First steps. Need help in clustering

hi,
I create a fictious dataset using Excel RANDBETWEEN function. The dataset is composed of 18000 rows and two columns. Columns A contains IDs with values ranging between 1 and 100. Column B contains an hypothetical expense amount between 0 and 50000 for each ID numbers except for ID number 100 whose column B corresponding expense range is narrower and comprised between 48000 and 50000.

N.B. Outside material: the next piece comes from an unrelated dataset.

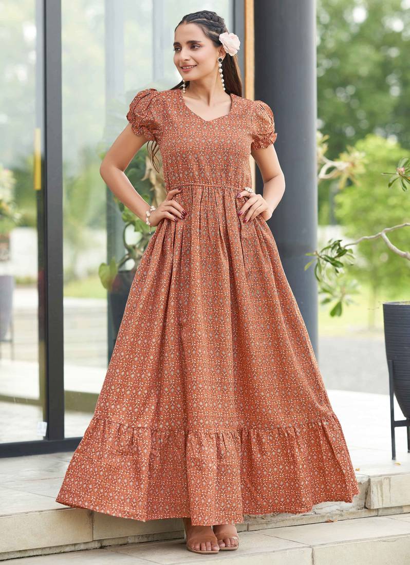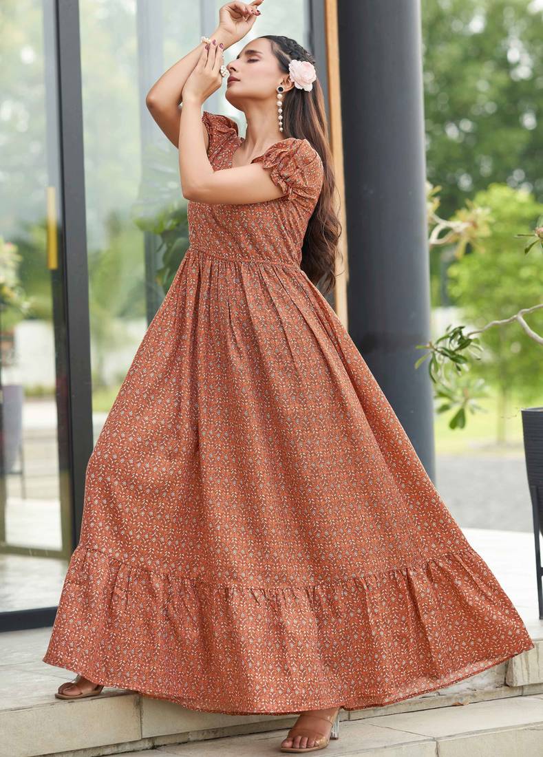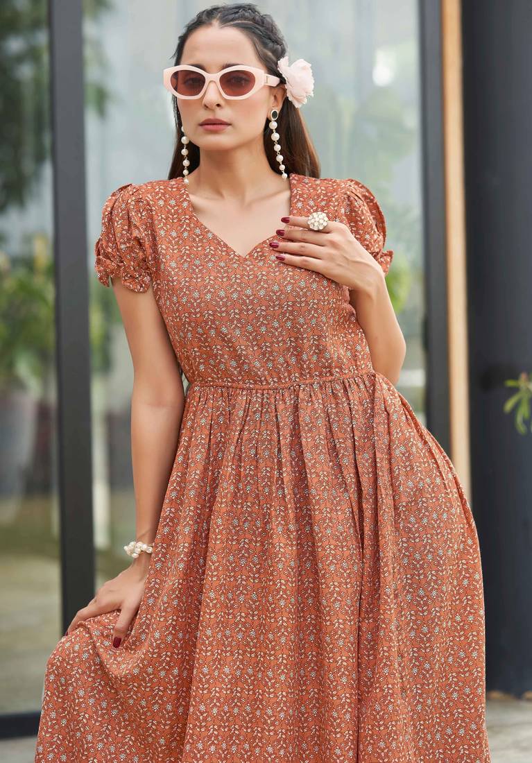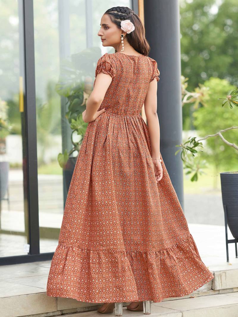 | Product Description | Refresh Your Ethnic Wardrobe With This Elegant Rust Brown Printed Maxi Dress, Designed For Effortless Everyday Style. Crafted In A Flowy Flared Silhouette, The Dress Features A Flattering V Neckline With Soft Gathers And Short Puff Sleeves For A Feminine Touch. The All Over Delicate Floral Buti Print Adds Traditional Charm, While The Elasticated Waist Offers A Comfortable And Flattering Fit. Ideal For Casual Wear, Festive Days, And Daytime Outings. |
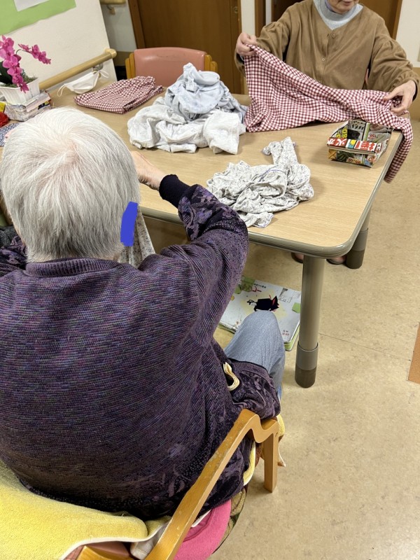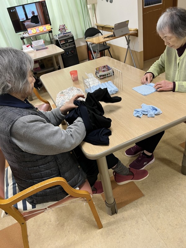 今回は2階にて、おしぼり巻きや洗濯物たたみのお手伝いをしていただきましたのでその様子をご覧ください。

Let’s suppose I don’t know how the dataset is composed and I’d wanted to see it there is one ore more IDs with anomaly concentration (I mean I would like the analysis to spot ID number 100 with its concentration between 480000 and 50000), what kind of analysis I should perform? I tried with clustering (k-means), but without success; probably I do not know the steps to follow to perform the analysis. Might somebody help me?
Best Answer
-
Try some of the operators in the anomaly detection methods available in the free extension of that name. LOF might be particularly useful in this type of context.1
Answers
-
Try some of the operators in the anomaly detection methods available in the free extension of that name. LOF might be particularly useful in this type of context.1
-
Thanks for helping Brian. I am really new at Rapidminer and AI, so forgive me if I do not use the relevant terms. Anyway, I am sorry I was unable to test the LOF operator. I downoload the anomaly detection extension and used the LOF operator. I connected my file through the out port to the exe port on the LOF operator and connected the exa operator port to the res port. The process seemed to take a lot of time to give an output so I stopped it after a few hours, I run it again this morning before going to work and once back at one, I found the software crashed. I have launched it again to see how it proceed. Now it has been running for about 1 hour and still going. Pc is an i7 with 16GB Ram.
0 -
Thank you, Brian. It works. I had the possibility to run the operator on a different pc and it worked correctly. It also seems to be quite immediate to interpret the result..
0